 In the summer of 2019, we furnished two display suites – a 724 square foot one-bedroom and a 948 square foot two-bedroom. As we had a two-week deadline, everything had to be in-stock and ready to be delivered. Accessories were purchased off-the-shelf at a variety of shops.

==

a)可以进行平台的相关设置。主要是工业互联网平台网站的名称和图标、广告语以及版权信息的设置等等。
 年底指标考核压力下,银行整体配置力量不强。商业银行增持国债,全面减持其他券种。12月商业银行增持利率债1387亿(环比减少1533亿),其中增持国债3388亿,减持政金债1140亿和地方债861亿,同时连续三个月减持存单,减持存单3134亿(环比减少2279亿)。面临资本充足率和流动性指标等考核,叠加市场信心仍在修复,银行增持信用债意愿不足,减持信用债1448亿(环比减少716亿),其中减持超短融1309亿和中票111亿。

## About this exercise
An exact, complete copy of the lines above from the one with "a)可以进行平台的相关设置。" through the one with "年底指标考核压力下,银行整体" is the whole answer.

## Task solution
a)可以进行平台的相关设置。主要是工业互联网平台网站的名称和图标、广告语以及版权信息的设置等等。
 年底指标考核压力下,银行整体配置力量不强。商业银行增持国债,全面减持其他券种。12月商业银行增持利率债1387亿(环比减少1533亿),其中增持国债3388亿,减持政金债1140亿和地方债861亿,同时连续三个月减持存单,减持存单3134亿(环比减少2279亿)。面临资本充足率和流动性指标等考核,叠加市场信心仍在修复,银行增持信用债意愿不足,减持信用债1448亿(环比减少716亿),其中减持超短融1309亿和中票111亿。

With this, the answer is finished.